What needs to be done
Once you reach the line containing "환경부는 6월 5일부터", return it and every line after it exactly, through the end of the records below, with no pictures.

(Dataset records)
=== Begin Enclosure ===

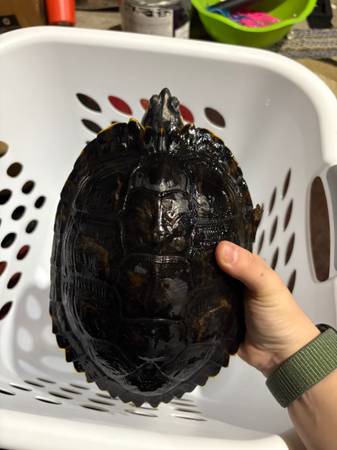 Pictures 5 and 6: Male western painted turtle: 6 years old, around 9 inches in length, most active of the group, will come out of shell when held $60
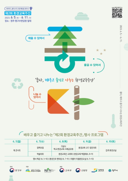 환경부는 6월 5일부터 11일까지 ‘제2회 환경교육주간’을 운영한다. 올해 행사는 기후위기와 플라스틱 오염 해법을 주제로 다양한 기관들과 협력하여 전 국민이 환경교육을 즐겁게 배우고 나눌 수 있도록 다채로운 환경교육 기회를 제공한다.
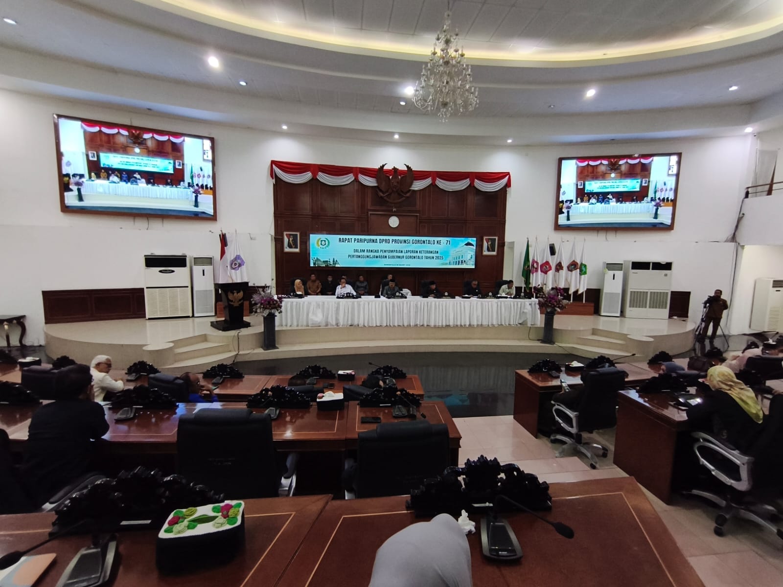 Rapat berlangsung di ruang sidang DPRD Provinsi Gorontalo dan dipimpin oleh pimpinan DPRD, serta dihadiri anggota dewan, unsur Forum Koordinasi Pimpinan Daerah (Forkopimda), dan jajaran Pemerintah Provinsi Gorontalo.
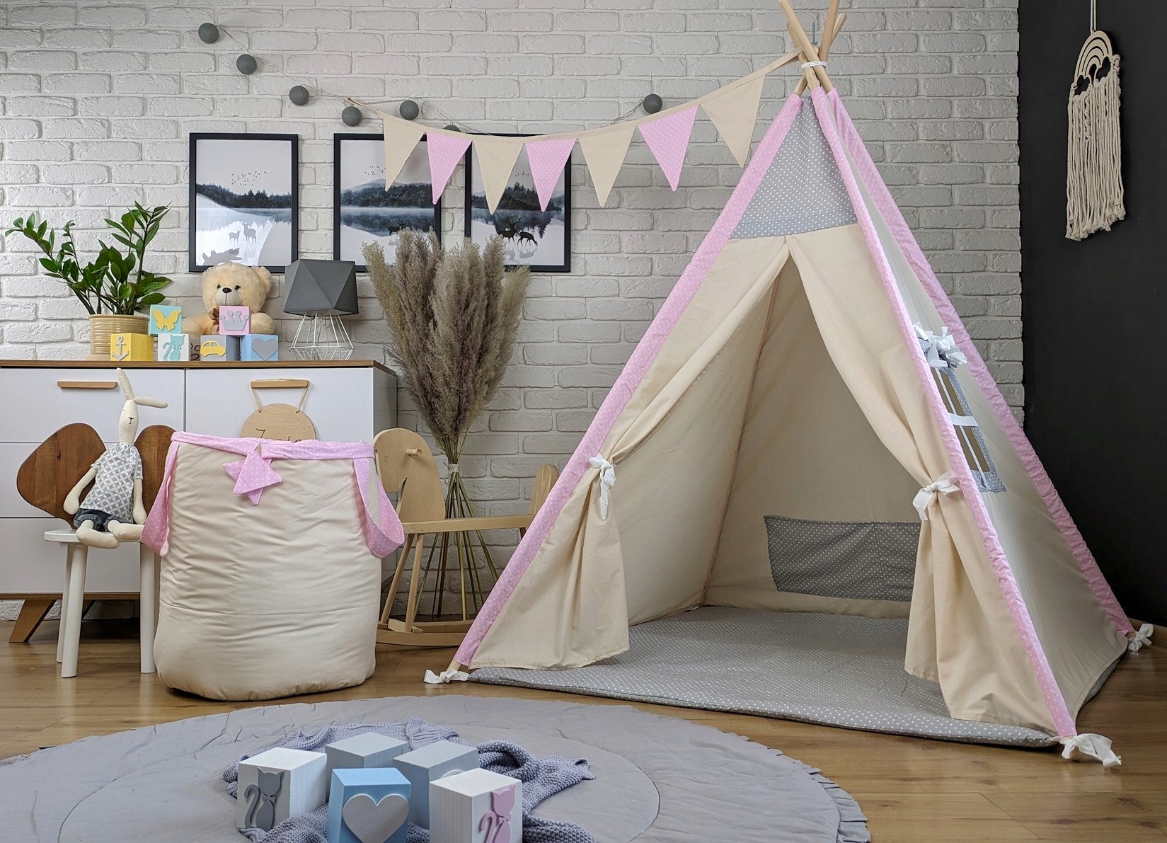 Палатки-типи можно комбинировать с другими товарами нашей марки, такими как постельное белье, корзина для игрушек и гирлянды, благодаря чему можно создать оригинальное оформление детской комнаты.
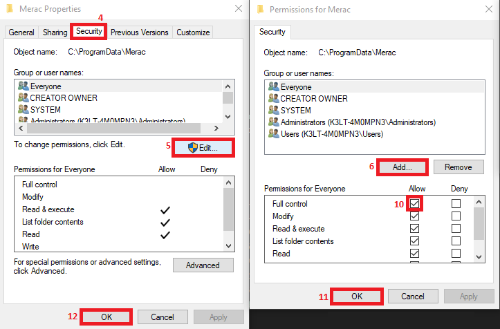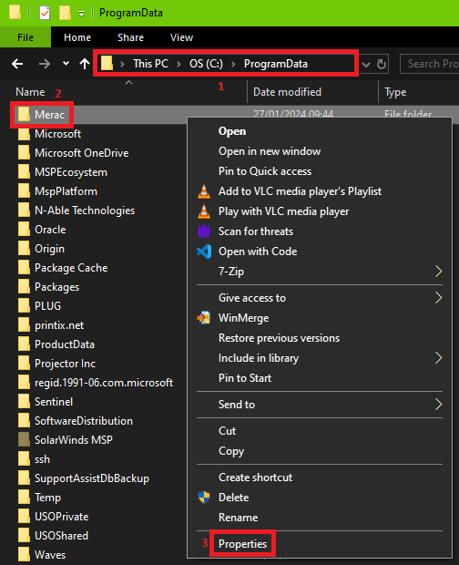 Right-click on the Merac folder (labelled 2 above), and select Properties (labelled 2 above).- Within the Properties window, click on the Security tab (labelled 4 below).

=== End Enclosure ===

Your solution
 환경부는 6월 5일부터 11일까지 ‘제2회 환경교육주간’을 운영한다. 올해 행사는 기후위기와 플라스틱 오염 해법을 주제로 다양한 기관들과 협력하여 전 국민이 환경교육을 즐겁게 배우고 나눌 수 있도록 다채로운 환경교육 기회를 제공한다.
 Rapat berlangsung di ruang sidang DPRD Provinsi Gorontalo dan dipimpin oleh pimpinan DPRD, serta dihadiri anggota dewan, unsur Forum Koordinasi Pimpinan Daerah (Forkopimda), dan jajaran Pemerintah Provinsi Gorontalo.
 Палатки-типи можно комбинировать с другими товарами нашей марки, такими как постельное белье, корзина для игрушек и гирлянды, благодаря чему можно создать оригинальное оформление детской комнаты.
 Right-click on the Merac folder (labelled 2 above), and select Properties (labelled 2 above).- Within the Properties window, click on the Security tab (labelled 4 below).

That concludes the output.